Retype only what runs from the beginning of the data through the line with "ArchBang 2011.10 aggiorna"; please omit the pictures and keep every line exact.

• [Available data]
────

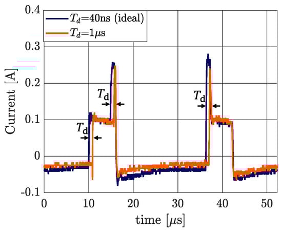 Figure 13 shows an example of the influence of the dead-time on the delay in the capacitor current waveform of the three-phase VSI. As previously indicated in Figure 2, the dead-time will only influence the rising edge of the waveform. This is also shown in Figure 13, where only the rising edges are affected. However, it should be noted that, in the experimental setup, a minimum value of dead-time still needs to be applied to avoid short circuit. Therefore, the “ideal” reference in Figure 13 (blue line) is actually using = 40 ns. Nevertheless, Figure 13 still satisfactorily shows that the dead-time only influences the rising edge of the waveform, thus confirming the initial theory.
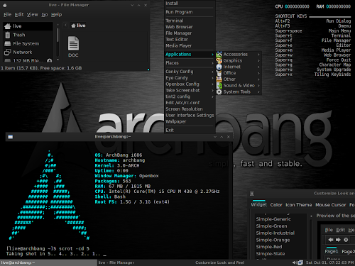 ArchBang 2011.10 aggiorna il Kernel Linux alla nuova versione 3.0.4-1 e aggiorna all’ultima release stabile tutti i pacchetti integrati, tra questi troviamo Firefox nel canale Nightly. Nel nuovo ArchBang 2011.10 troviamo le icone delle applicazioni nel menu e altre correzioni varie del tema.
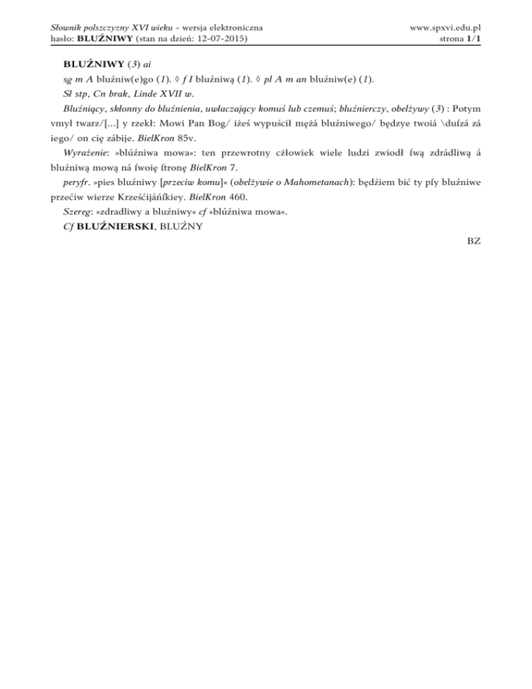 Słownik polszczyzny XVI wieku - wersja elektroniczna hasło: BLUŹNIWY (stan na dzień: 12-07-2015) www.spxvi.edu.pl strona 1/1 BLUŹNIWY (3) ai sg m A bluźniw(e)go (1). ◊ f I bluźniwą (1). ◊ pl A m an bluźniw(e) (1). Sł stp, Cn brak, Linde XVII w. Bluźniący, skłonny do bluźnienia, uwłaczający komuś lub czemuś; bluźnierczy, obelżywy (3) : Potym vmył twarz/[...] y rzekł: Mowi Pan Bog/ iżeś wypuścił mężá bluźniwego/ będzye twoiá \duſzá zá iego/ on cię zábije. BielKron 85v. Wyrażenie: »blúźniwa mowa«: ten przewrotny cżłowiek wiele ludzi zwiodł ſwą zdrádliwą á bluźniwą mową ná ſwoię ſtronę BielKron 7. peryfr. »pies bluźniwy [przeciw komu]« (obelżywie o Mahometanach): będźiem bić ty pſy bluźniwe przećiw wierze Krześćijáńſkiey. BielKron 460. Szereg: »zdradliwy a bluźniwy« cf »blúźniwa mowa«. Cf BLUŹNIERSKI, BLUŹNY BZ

────

• [Solution to the exercise]
 Figure 13 shows an example of the influence of the dead-time on the delay in the capacitor current waveform of the three-phase VSI. As previously indicated in Figure 2, the dead-time will only influence the rising edge of the waveform. This is also shown in Figure 13, where only the rising edges are affected. However, it should be noted that, in the experimental setup, a minimum value of dead-time still needs to be applied to avoid short circuit. Therefore, the “ideal” reference in Figure 13 (blue line) is actually using = 40 ns. Nevertheless, Figure 13 still satisfactorily shows that the dead-time only influences the rising edge of the waveform, thus confirming the initial theory.
 ArchBang 2011.10 aggiorna il Kernel Linux alla nuova versione 3.0.4-1 e aggiorna all’ultima release stabile tutti i pacchetti integrati, tra questi troviamo Firefox nel canale Nightly. Nel nuovo ArchBang 2011.10 troviamo le icone delle applicazioni nel menu e altre correzioni varie del tema.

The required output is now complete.